Как следует все осмотрев, доктор повернул и неторопливо зашагал к гостинице. Он переоделся в китайские штаны и свободную шелковую рубаху, в которых по многолетней привычке чувствовал себя удобнее, и, взяв книгу, вышел на веранду. Вокруг гостиницы росли фруктовые деревья, напротив, по ту сторону песчаной дорожки, начиналась живописная рощица кокосовых пальм. Они поднимались, высокие и стройные, шеренга за шеренгой; яркие солнечные лучи пронзали листья, испещряя землю фантастическим желтым узором. За спиной доктора в летней кухне бой готовил второй завтрак.

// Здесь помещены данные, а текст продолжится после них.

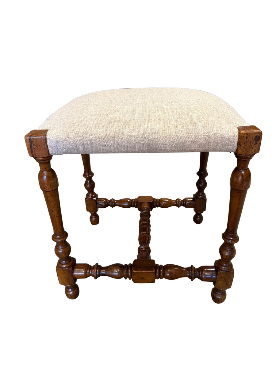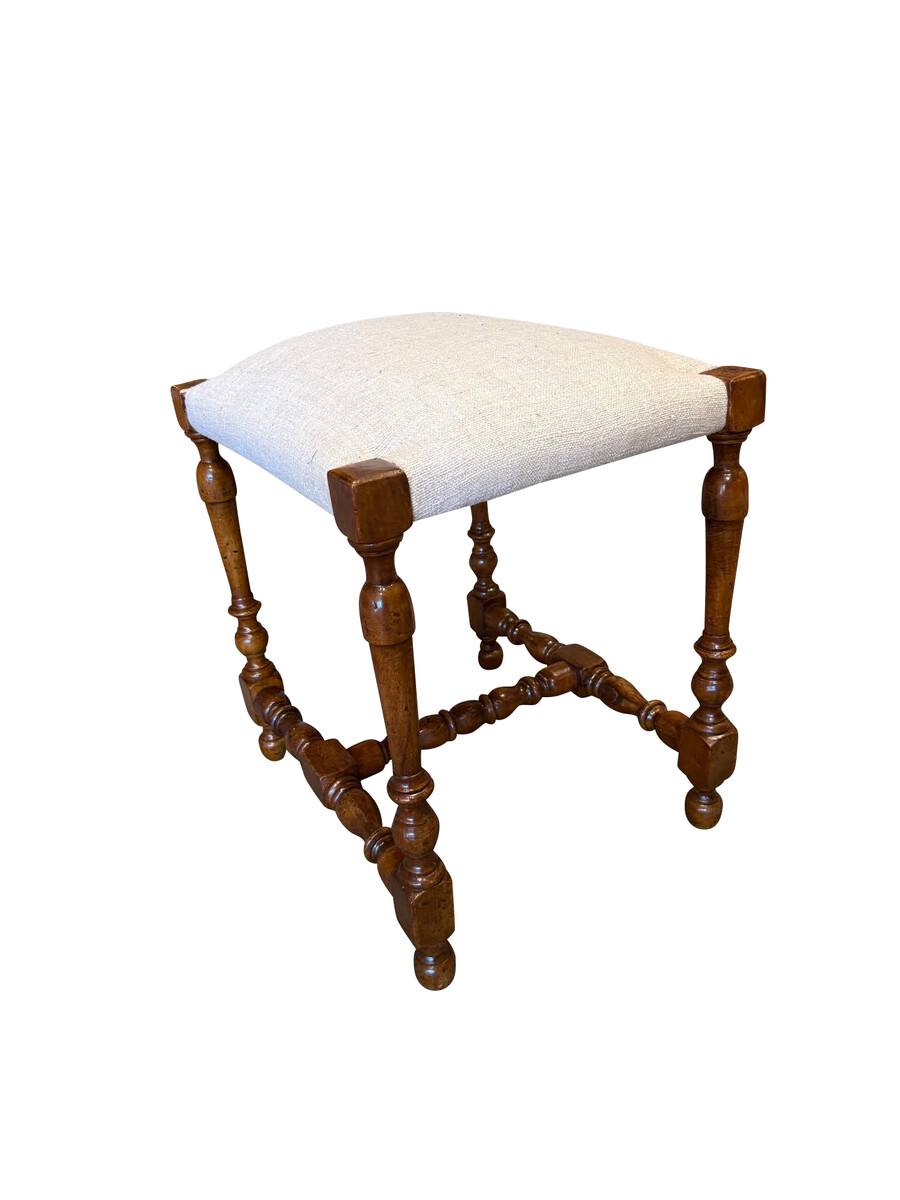 Home Benches & Stools 19thc Italian Pair Turned Leg Stools with Cornered Wood Detail 19thc Italian Pair Turned Leg Stools with Cornered Wood Detail 19thc Italian Pair turned legs with cornered wood detail Recently refinished Newly reupholstered in vintage Belgian linen Style Number: F3191 Condition: Excellent for age Origin: Italy Date: 19thc Width: 17" Depth: 14.5" Seat Height: 20" List: $4950 / pair Inquire About This Piece View PDF Tear Sheet

Доктор Сондерс не был особенным любителем чтения. Он редко брался за роман. Интересуясь человеческой природой, он предпочитал книги, раскрывающие особенности характера, и без конца перечитывал Пеписа[7] и босуэлловского «Джонсона»[8], «Монтеня» Флорио[9] и эссе Хэзлита[10]. Он любил старые книги о путешествиях и мог с удовольствием от корки до корки читать Хаклюта[11], рисующего страны, где сам он никогда не бывал. Дома у него было порядочное собрание книг о Китае, написанных ранними миссионерами. Доктор не искал в книгах сведений или средства развить свой ум, они служили ему лишь толчком для размышлений. С присущим ему своеобразным чувством юмора он был способен увидеть в деяниях ранних миссионеров столько забавного, что это немало удивило бы набожных авторов. Он был человек спокойный, не любил спорить, не навязывал никому своего общества и прекрасно умел наслаждаться шуткой, не испытывая никакого желания поделиться ею с другими.
Сейчас он держал в руках том путешествий аббата Хука[12], но не мог сосредоточить на нем свое внимание. Мысли его были заняты двумя незнакомцами, так неожиданно появившимися на острове. За свою долгую жизнь на Востоке доктор Сондерс узнал тысячи людей, и ему ничего не стоило определить, что представляет собой капитан Николс. Типичный негодяй. По выговору — выходец из Англии, и если он столько лет проболтался в китайских морях, вполне возможно, что на родине у него были неприятности с полицией. На нем клейма негде ставить; физиономия жульническая, продувная. Он. видно, не очень–то преуспел, если был капитаном всего–навсего грязного маленького люггера, и доктор Сондерс испустил вздох — иронический вздох, — громко раздавшийся в неподвижном воздухе, подумав, как редко труды прощелыги увенчиваются успехом. Но конечно, не исключено, что капитан Николс просто предпочитает грязную работу чистой. Он явно из тех людей, которые ничем не гнушаются. Только зазевайся, тут же облапошит. Одно можно было сказать наверняка: дай ему случай, и он непременно подложит тебе свинью. Он сказал, будто знает Цзинь Цина. Вероятно, он частенько сидит без работы и рад служить хотя бы у китайца. К услугам таких людей и обращаются со всякими темными делишками; вполне возможно, что он был когда–то капитаном одной из шхун Цзинь Цина. Доктор Сондерс пришел к заключению, что в общем–то капитан Николс нравится ему. Доктора подкупило его искреннее дружелюбие. Это придавало пикантный привкус его жуликоватости, а диспепсия, от которой тот так страдал, вносила комическую нотку, всегда привлекавшую доктора. Он был рад, что вечером снова увидит капитана.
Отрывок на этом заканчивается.